Yes, I’d be open if that discussion is laser-focused on my beat. That would be with someone working within mental health on something really cool and unique. Although I know that I’m not going to get anything from the conversation that I can print now, maybe six months from now, that company will loop me in on interesting stuff they’re doing that is cutting-edge.

In general, I think we are pretty strict with introductory meetings. Honestly, if we agreed to them, we could spend our entire work calendar just doing introductory meetings.

What do you find frustrating about interacting with PR people when they’re pitching you?

I am not bothered by getting PR emails. I say this at the risk of receiving a million now, but I genuinely don't mind. I don't receive a crazy number of them, and the ones I do, many of them are press releases or embargoed stories, and some of them are pretty useful.

But I do get a couple of emails a week where I feel that the pitch hasn't passed the common sense test. You look at it and, if you had your personal hat on, not your work hat, hopefully you would laugh at it. So, occasionally, I will see pitches where I would love to know the backstory about how that press release came to be.

I don't mind being pitched. I'll often say ‘No,’ but I'll try to say it politely. You have to recognize that people are literally just doing their jobs. I don't see the need for the kind of sarcasm that you get from some journalists towards PR people.

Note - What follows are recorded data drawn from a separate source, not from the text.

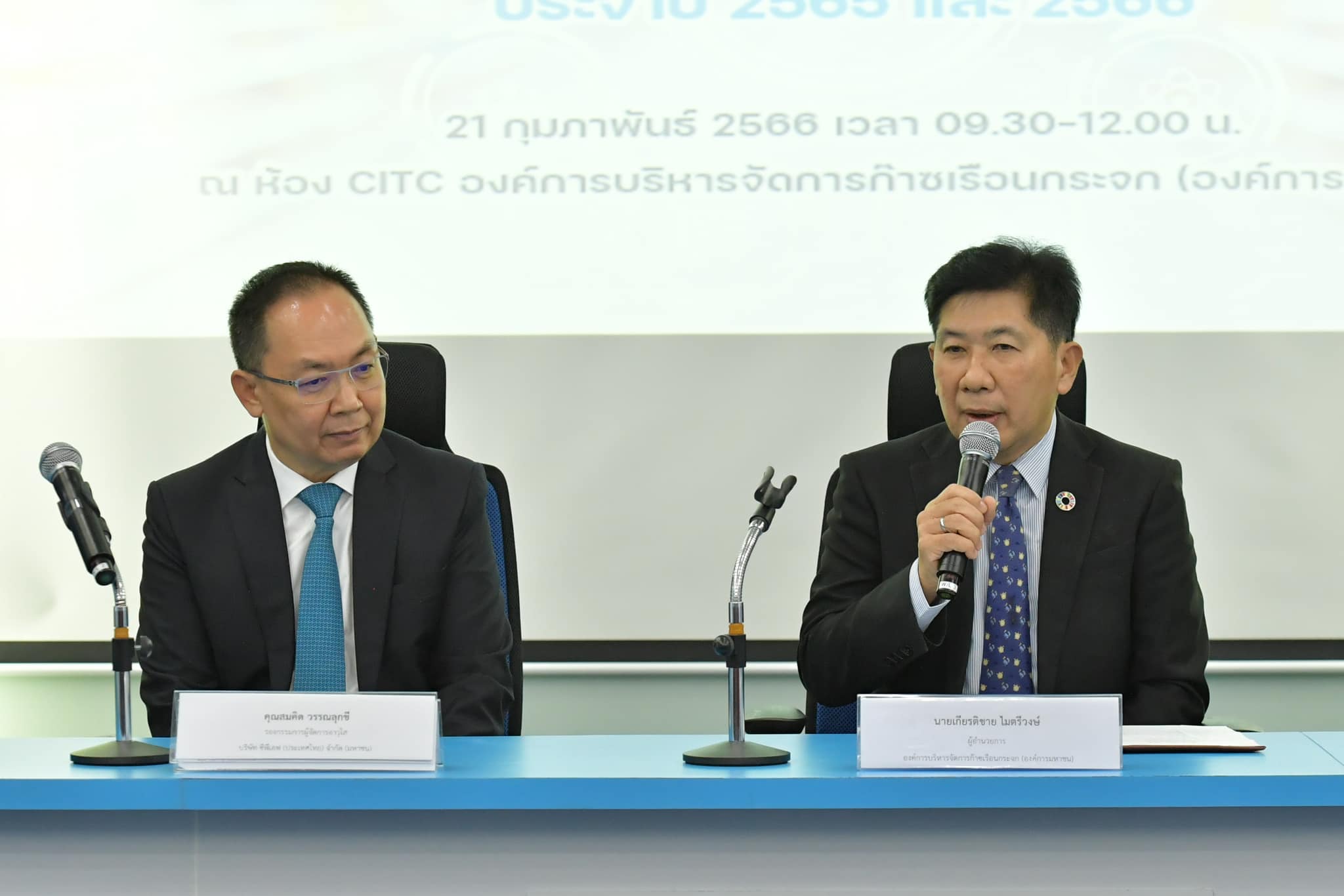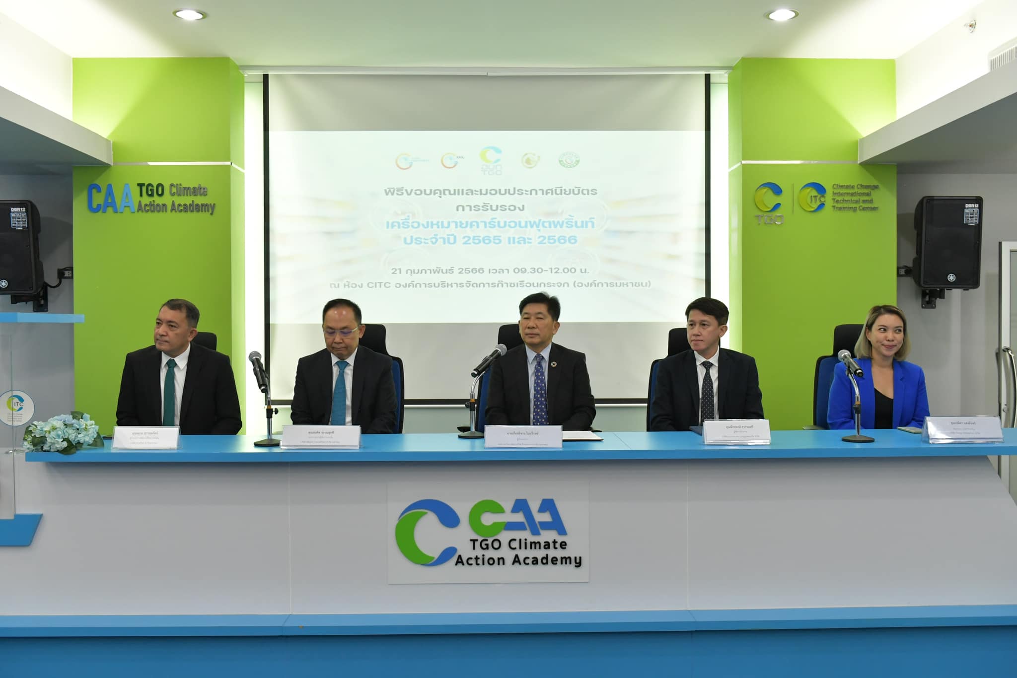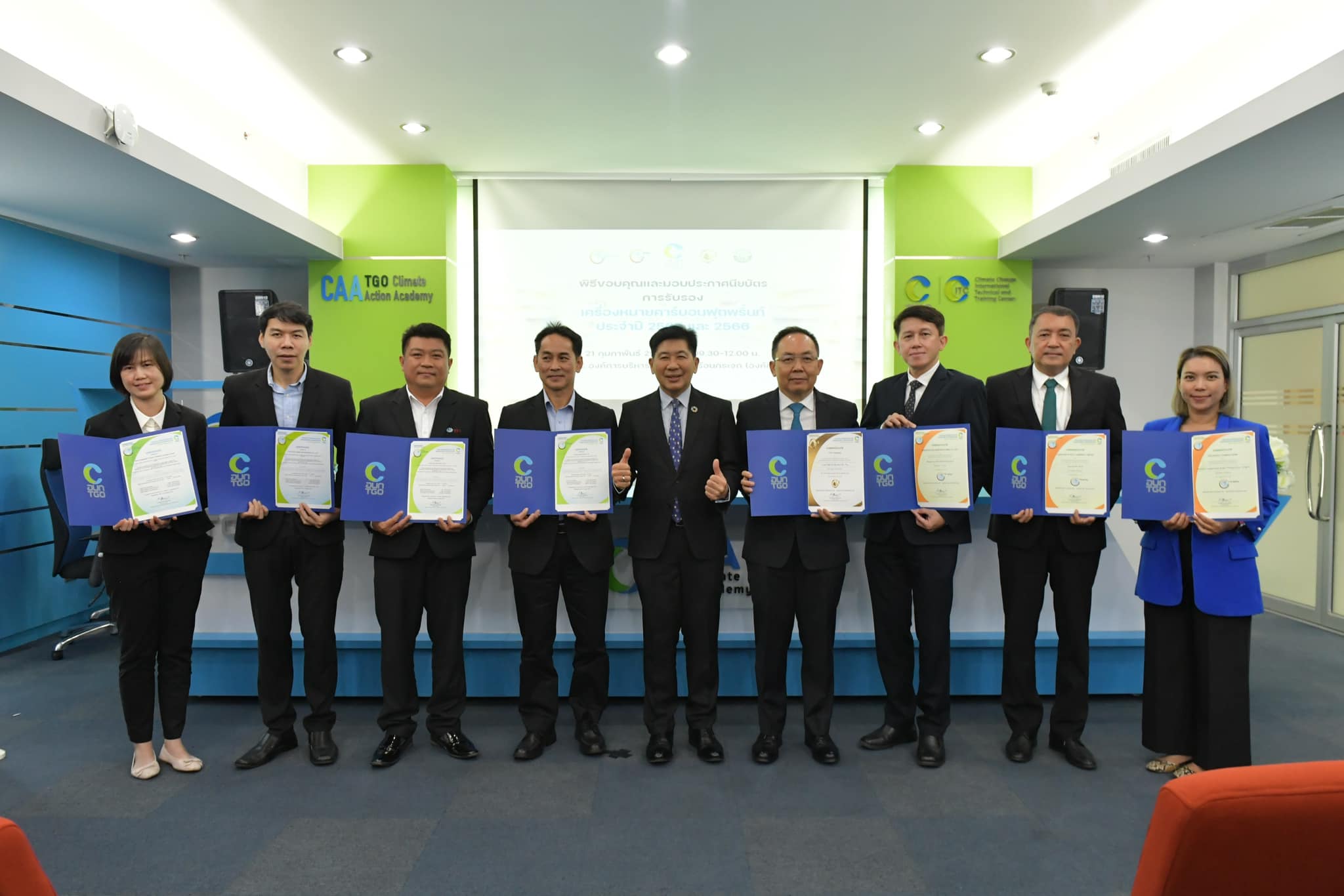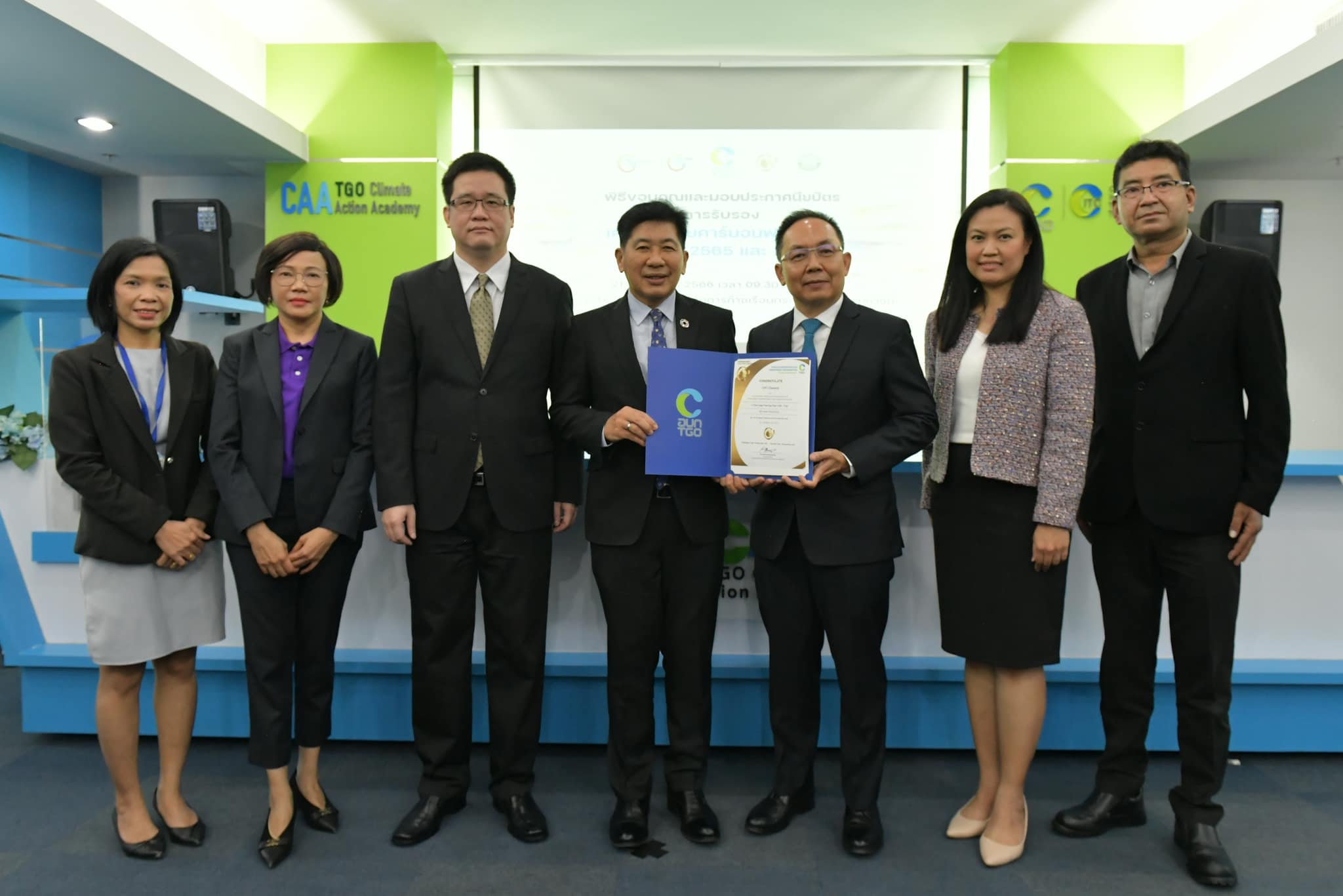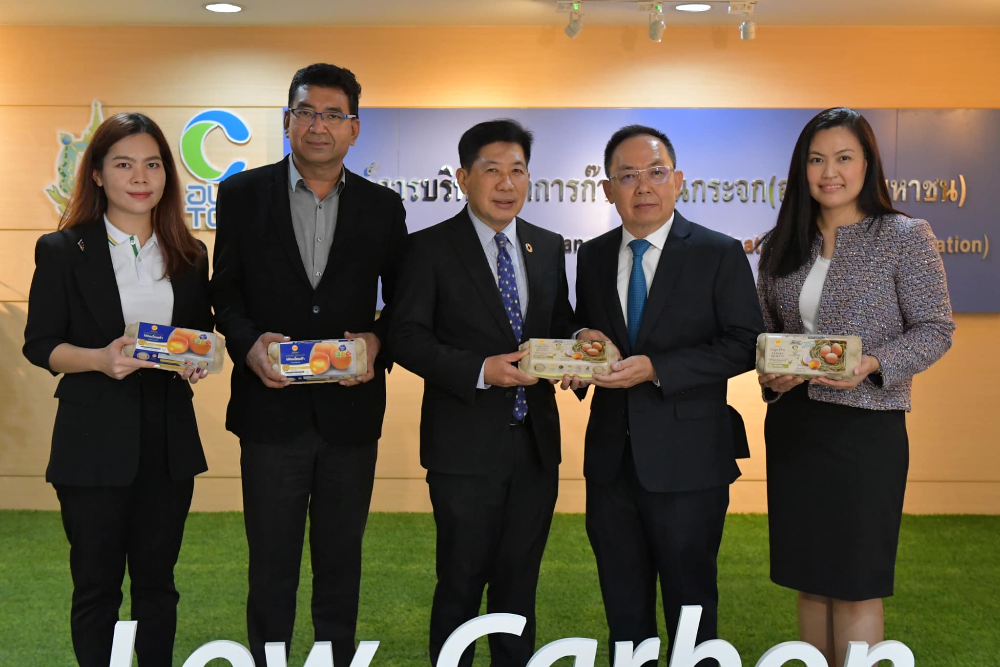 คุณสมคิด วรรณลุกขี ผู้อำนวยการใหญ่ ธุรกิจไก่ไข่ CPF ร่วมพิธีขอบคุณและรับมอบประกาศนียบัตรการรับรองเครื่องหมายคาร์บอร์ฟุตพริ้นท์ (Carbon Footprint of Product) และเครื่องหมายลดคาร์บอนฟุตพริ้นท์ หรือ “ฉลากลดโลกร้อน” ของผลิตภัณฑ์ไข่ไก่สด Cage Free และไข่ไก่สดปลอดสารแบรนด์ CP ในขนาดบรรจุต่างๆ รวม 23 รายการ จาก คุณเกียรติชาย ไมตรีวงษ์ ผู้อำนวยการ องค์การบริหารจัดการก๊าซเรือนกระจก (องค์การมหาชน) หรือ อบก. นับเป็น “ไข่ไก่สด” ไข่ Cage Free รายแรกของไทยที่ได้รับขึ้นทะเบียนรับรองเป็นสินค้าช่วยลดโลกร้อน หนุนคนไทยได้บริโภคไข่ไก่ที่เป็นมิตรต่อสิ่งแวดล้อม และเป็นตัวอย่างที่ดีในการบริหารจัดการและลดการปล่อยก๊าซเรือนกระจกตลอดห่วงโซ่คุณค่า ณ อาคารรัฐประศาสนภักดี ศูนย์ราชการเฉลิมพระเกียรติฯ ถ.แจ้งวัฒนะ
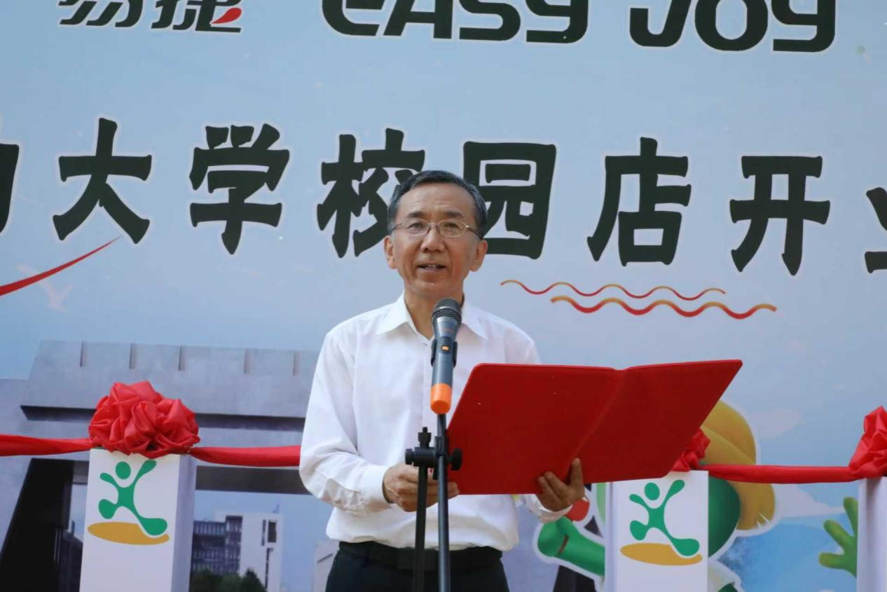 致辞结束后,戴尽良宣布beat365官方网站易捷校园店正式开业,张木与戴尽良、韩光辉等嘉宾共同上台剪彩。现场礼花绽放、彩带飞扬,掌声雷动,一间崭新的校园便利店,正悄然见证着校企合作从传统领域向生活服务领域的延伸和创新。
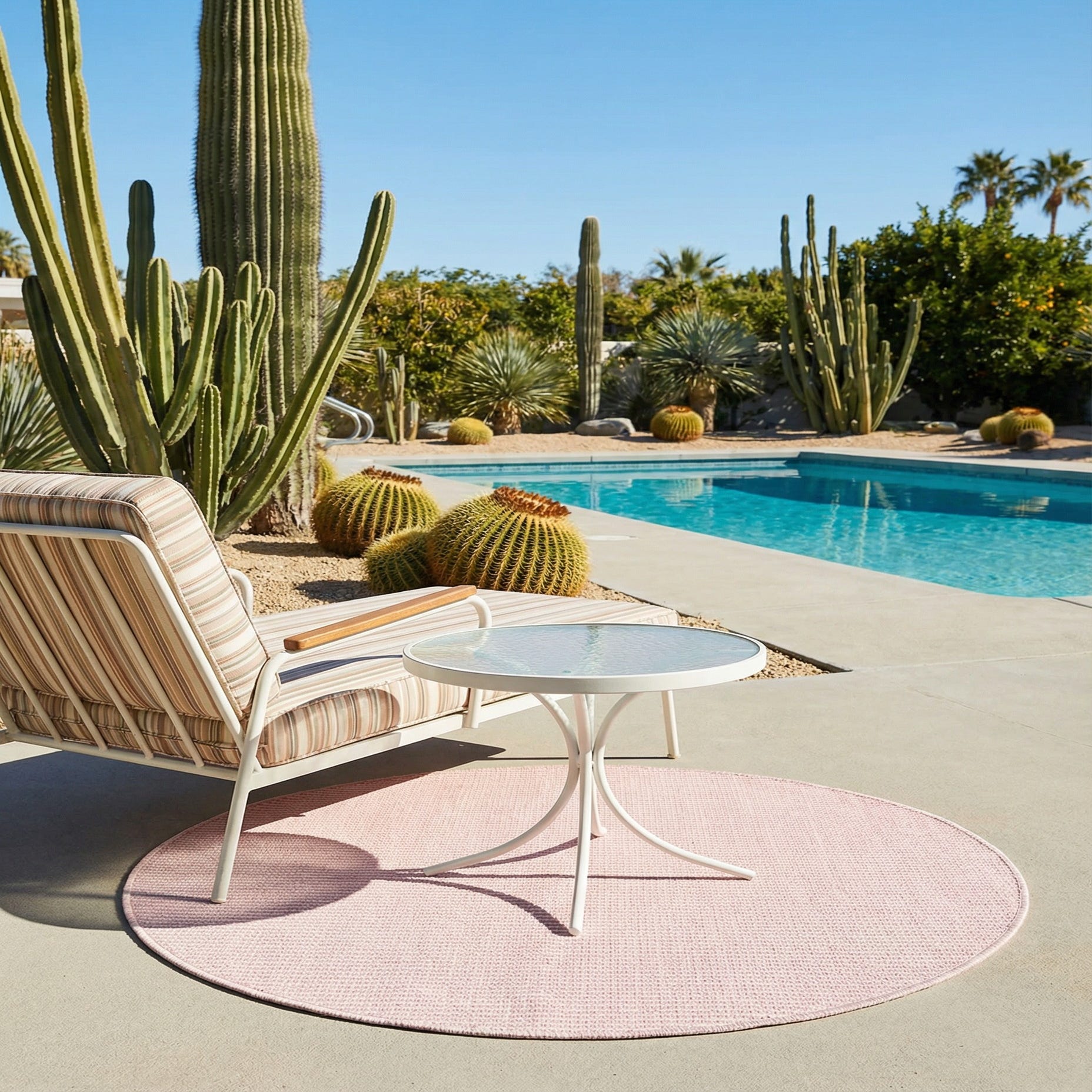 This piece works well on a covered patio or sunroom where its rosy tone can warm outdoor furniture, or inside a nursery or bedroom to add a calm, feminine touch without overpowering the room. It also pairs nicely with light wood floors, white or ivory linens, and woven or rattan furnishings for coastal, modern farmhouse, or relaxed boho schemes. Place it beneath a small seating group, beside a bed, or under a bistro table to introduce color and texture in a compact footprint.

Which news topics do you feel have been overdone during the latter part of 2021?

Facebook has saturated everything recently, partly because of the really smart strategy by The Wall Street Journal and [whistleblower] Frances Haugen to kind of drip stories, and then there was Facebook’s rebrand as Meta. It does mean that the company has basically dominated the news cycle for a very long time now.

Covering Facebook is hard because it’s difficult to know what is the right amount and what is too much. Just because something is everywhere doesn't mean that it's unimportant. It is everywhere and it is important.

I’m not hugely inspired by a lot of crypto journalism. If you know someone who is covering cryptocurrencies and NFTs in a way that is good and not breathless, I would love to hear about it because that’s something I’m crying out for.

I think supply chain topics, like the global chip shortage, will continue to be huge. I would love a smart way into those stories that’s fresh and which hasn’t been done yet. We’re seeing some great journalism around the supply chain, but I feel like there’s more to be done there, for sure.